◆ **Input**:

┌──

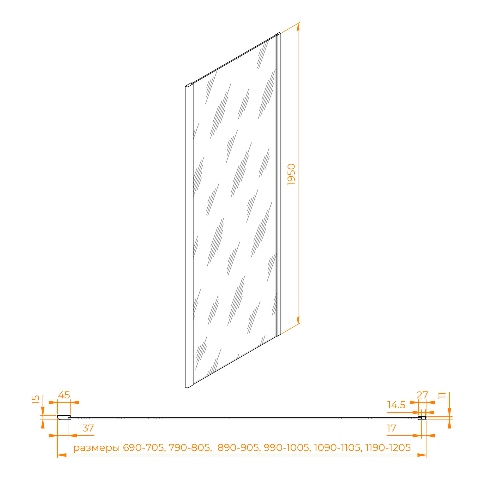 Боковая панель совместима с моделями душевых дверей высотой 1950 мм.
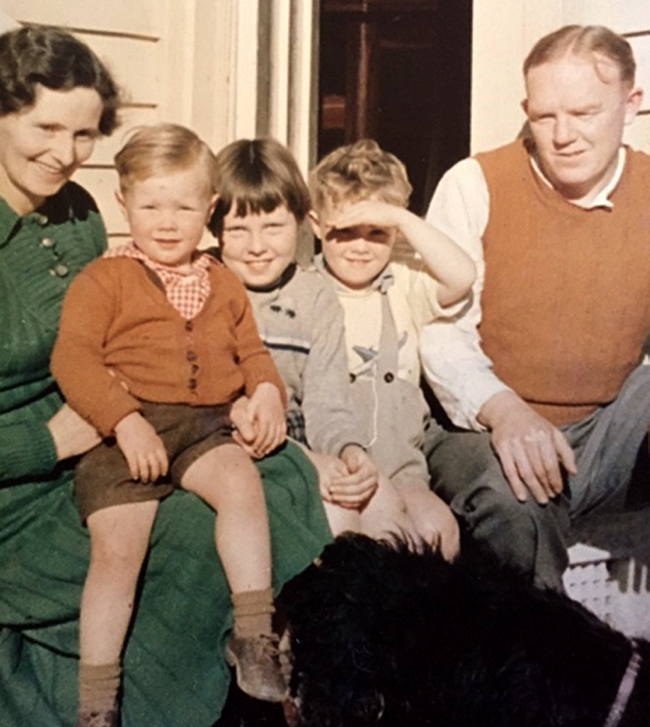 Little Kevin, second right, with Mum Madge, Dad G.J. and two of his four siblings Ian and Susan - mid-1950s. Photo: Supplied
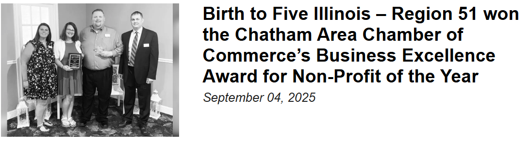 Birth to Five Illinois: Region 51 Won the Chatham Area Chamber of Commerce’s Business Excellence Award for Non-Profit of the Year 51 Sep 4 Written By Guest User September 4, 2025Original coverage in the South County Publications (Auburn Citizen, Chatham Clarion, New Berlin Bee, Rochester Times). Guest User
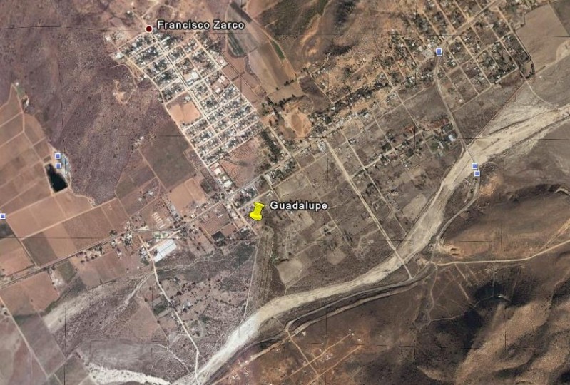 GUADALUPE 32°05’31.0″, -116°34’27.3″ Located on a dirt street 1/4 mi. east of the entrance paved road going through Guadalupe, 0.8 mi. from Highway 3.
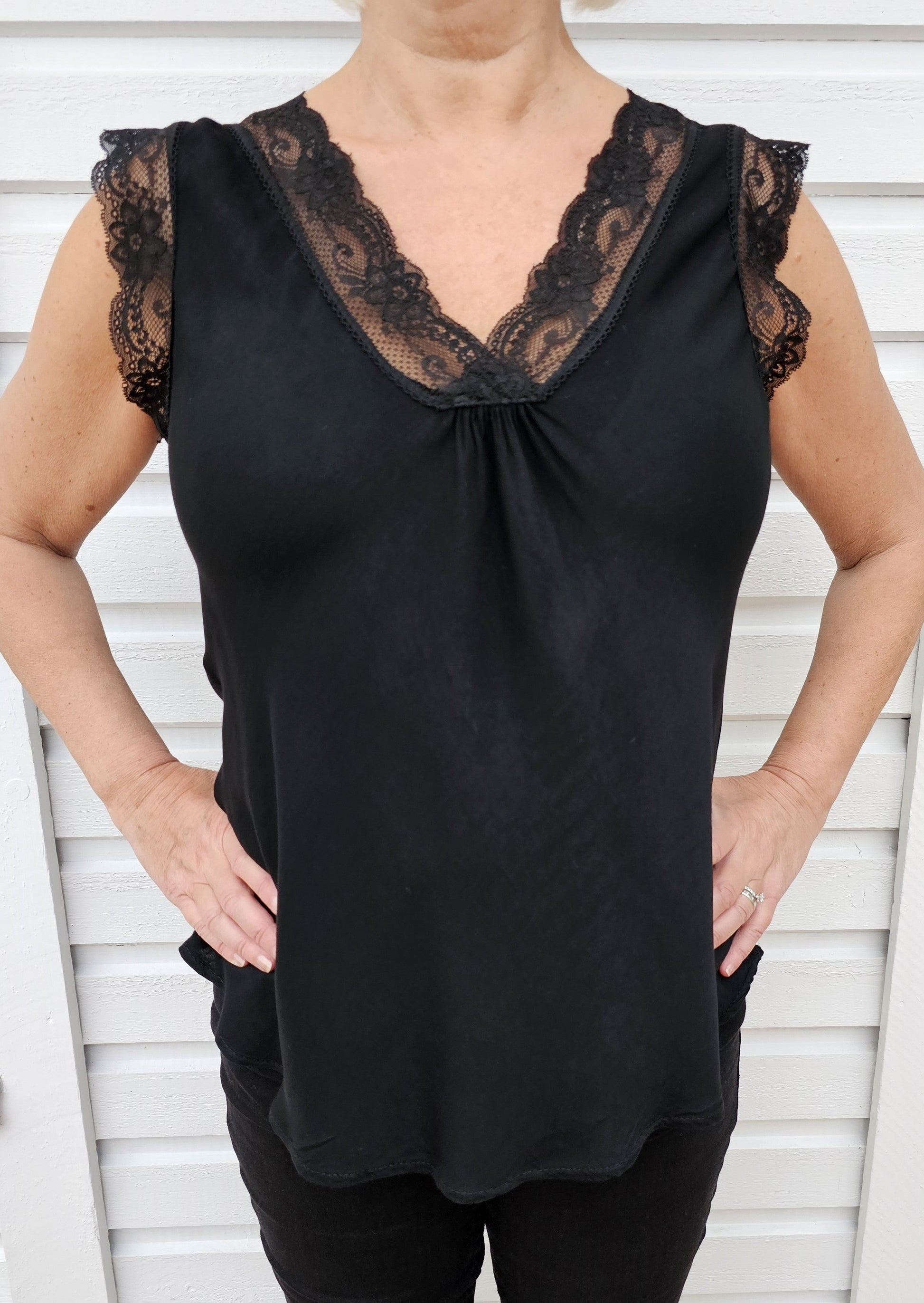 Produktbeskrivning: Topp/Linne med mjuk spets i hals och i ärm. Slösare i modellen nertill. Festligt under kavajen.
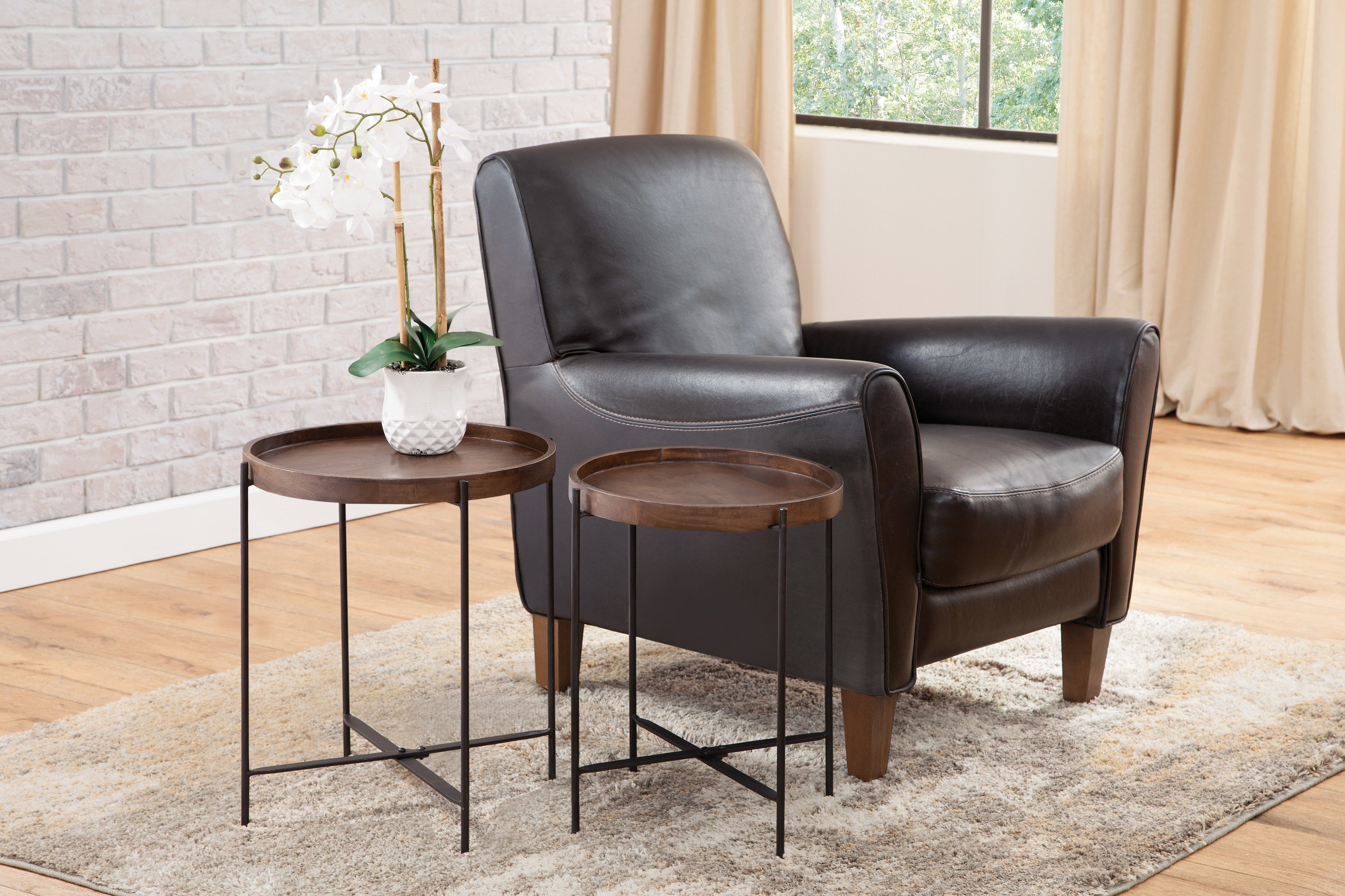 DimensionsCarton Dimensions L 22.5 x W 22 x H 8.5Features-Solid wood construction Metal frame with matte finish Tray top design 2 tables included No assembly required-Large table-17"W x 17"D x 21"H-Small table -15"W x 15"D x 19"HProduct DescriptionEmbrace a world of refined elegance with the Steve Silver Co. Capri Round Accent Tables - Set of 2. These exquisite tables are the epitome of understated beauty, effortlessly enhancing any space with a touch of romance. Whether nestled together or placed individually as captivating accents, they seamlessly complement your existing decor while making a striking statement of contemporary sophistication. Crafted with meticulous attention to detail, these nesting tables feature tray-style tops made of fine wood, offering a spacious surface to rest your beverages, delectable treats, or cherished decorative items. Their sleek metal frames gracefully extend to the floor, culminating in four carefully positioned points, accentuated by an artful crisscross design that adds both flair and stability.
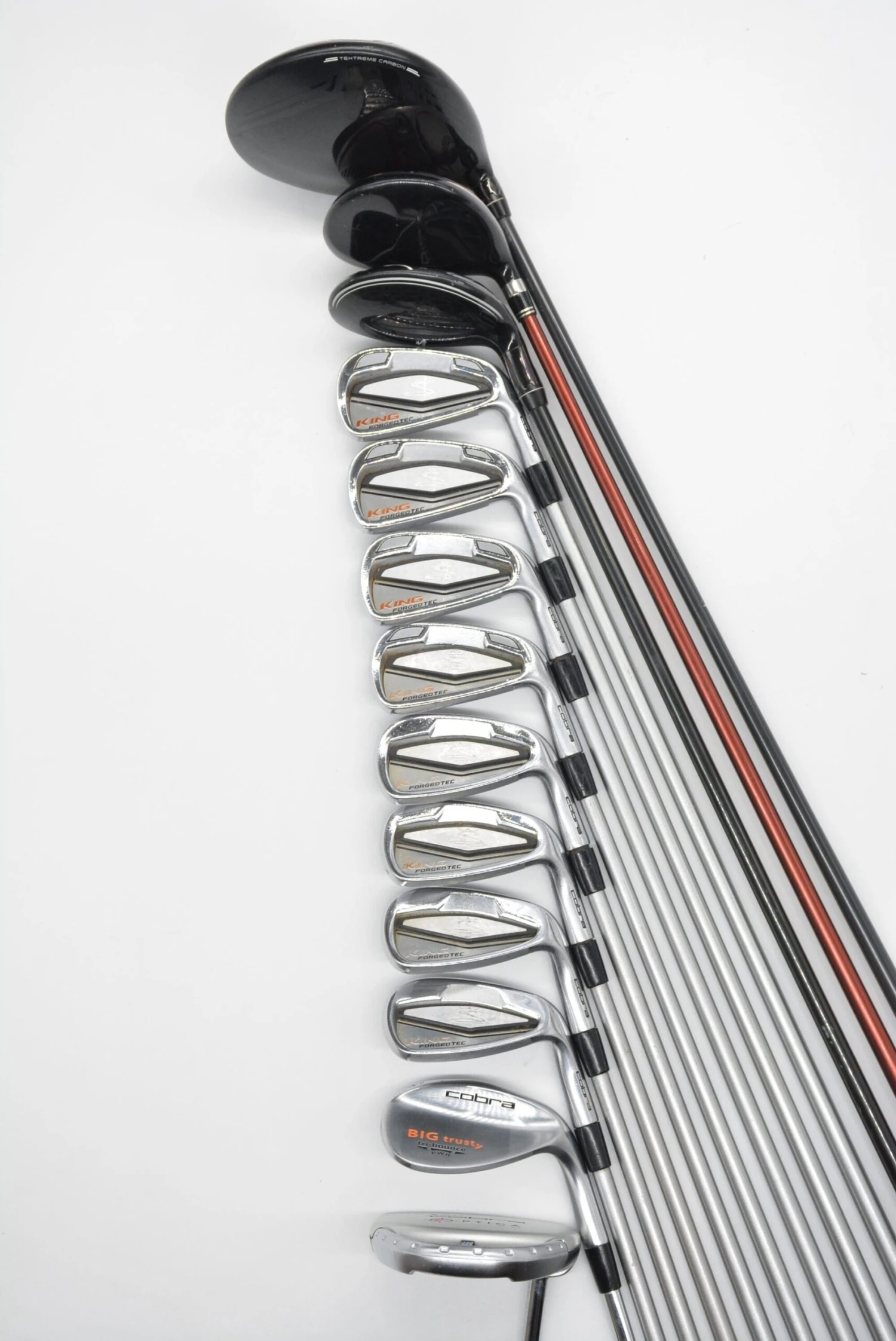 Set includes a Cobra King F7 9 degree Driver, a Cobra Speed LD F 5 Wood, a Cobra BioCell 4-5 Hybrid, Cobra King Forged Tec Irons 4-GW, a Cobra Big Trusty 55 degree wedge, and a Cobra Optica SI-01 33.5 in. Putter. Irons are in good condition with normal wear on the heads and faces, with KBS Tour shafts in R-flex and Golf Pride CP2 Pro grips.
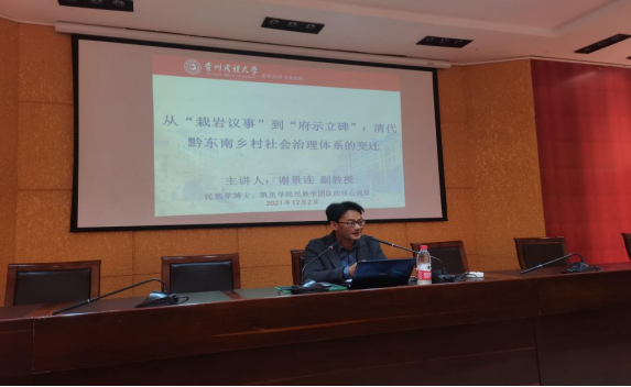 2021年12月2日16:15—18:30,凯里公司谢景连副教授受邀在公司民族学方向研究生周例会上作主题为“‘从栽岩议事’到‘府示立碑’:清代黔东南乡村社会治理体系的变迁”的学术讲座。此次民族学研究生周例会于老校区行政楼第五会议室举行,参会人员有伟德国际bevictor1946民族学导师组杨昌儒教授、周永健教授、谭厚锋研究员等,伟德国际bevictor19462018级本科生、2019级、2020级、2021级硕士研究生。
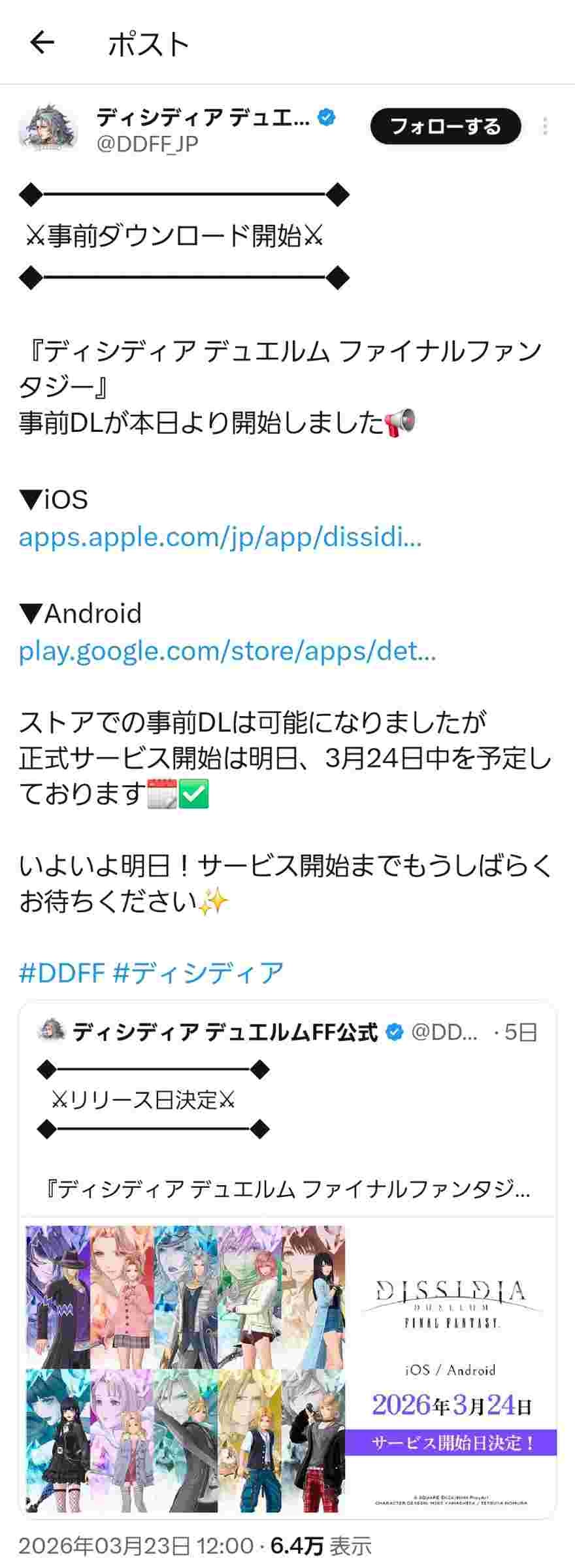 FFの新作ソシャゲ、明日リリースwww
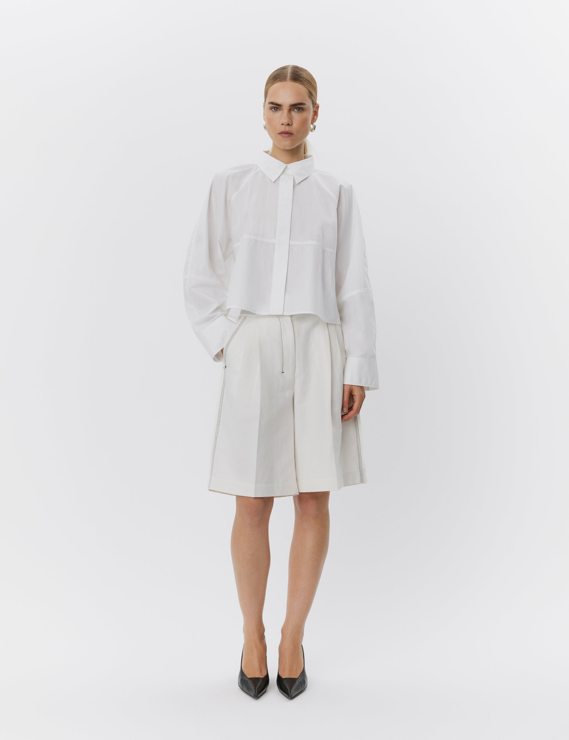 Clean, crisp, and contemporary, the Elston Shirt Bright White from Day Birger et Mikkelsen is a modern classic reimagined. Designed with a boxy, cropped silhouette, this shirt features a concealed placket for a minimalist finish, a sharp classic collar, and wide long sleeves with double-button cuffs that add subtle structure. A central horizontal seam and straight hem enhance its architectural feel, making it a refined staple for modern dressing. Crafted in a pristine bright white, it’s the perfect foundation for any capsule wardrobe.
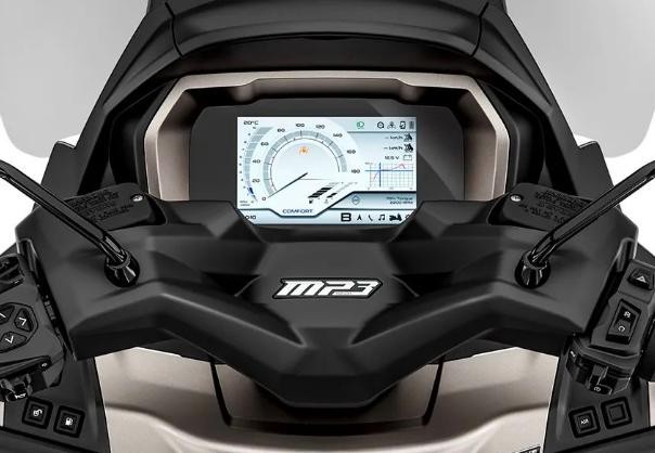 新款MP3 500的7英寸TFT显示屏将取代了上一代的双模拟表盘和LCD屏幕;全彩显示屏具有智能手机集成和GPS导航功能。
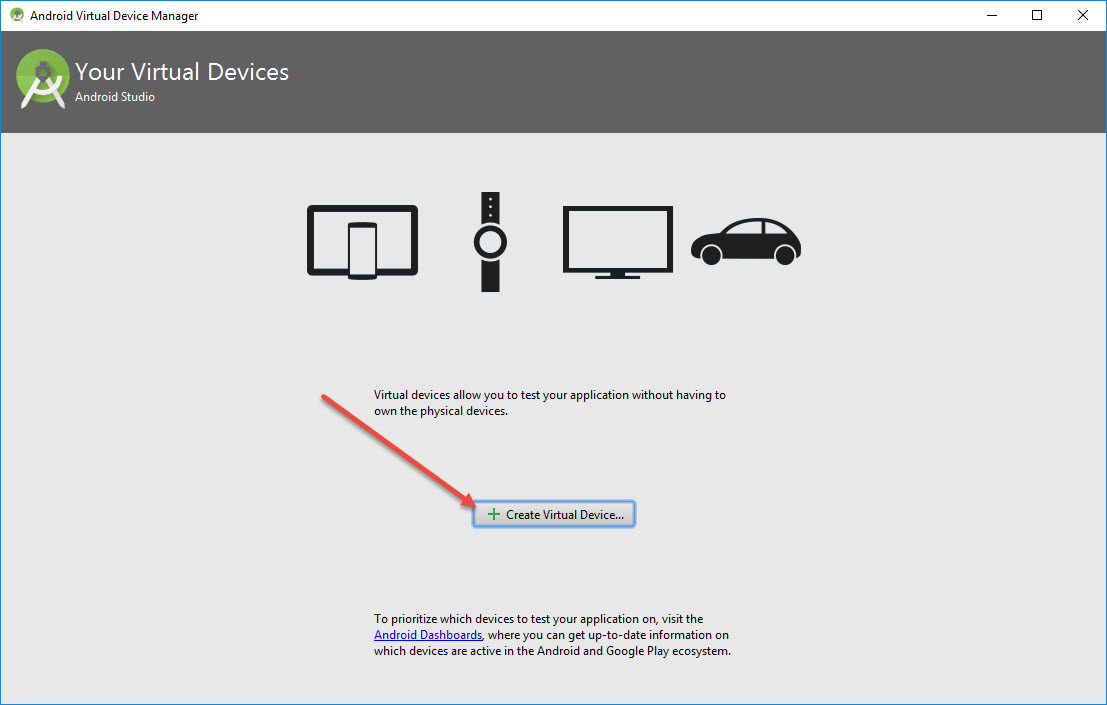 在你的虚拟设备(Your Virtual Devices)界面中,单击创建虚拟设备(Create Virtual Device)。
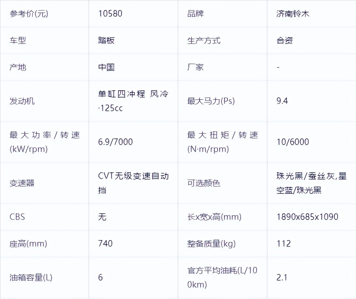 通过配置图我们可以看到,UY125得益于搭载铃木超级芯电喷发动机,实际排量124cc,最大功率6.9kW,最大扭矩9.8N·m,UY125搭载的台发动机具有提速快、油耗低、噪音小的特点,搭配6L的油箱,日常足够使用了在同级车型中也属上游水平。
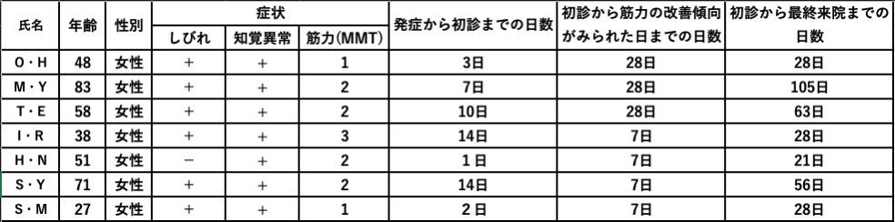上の表で示す通り、全例、初診時に知覚異常と筋力低下を認めています。特に筋力低下は手関節の背屈が完全にできない状態です。患者さんとしては急に手首を返すことができなくなったことに不安を覚えて来院されていることがわかります。

└──

◆ **What is being asked**: Each line above that falls between the line with "Birth to Five" and the line with "GUADALUPE 32°05’31.0″, -116°34’27.3″" should be printed exactly, together with those two lines, but the pictures should not.

◆ **Solution**:
 Birth to Five Illinois: Region 51 Won the Chatham Area Chamber of Commerce’s Business Excellence Award for Non-Profit of the Year 51 Sep 4 Written By Guest User September 4, 2025Original coverage in the South County Publications (Auburn Citizen, Chatham Clarion, New Berlin Bee, Rochester Times). Guest User
 GUADALUPE 32°05’31.0″, -116°34’27.3″ Located on a dirt street 1/4 mi. east of the entrance paved road going through Guadalupe, 0.8 mi. from Highway 3.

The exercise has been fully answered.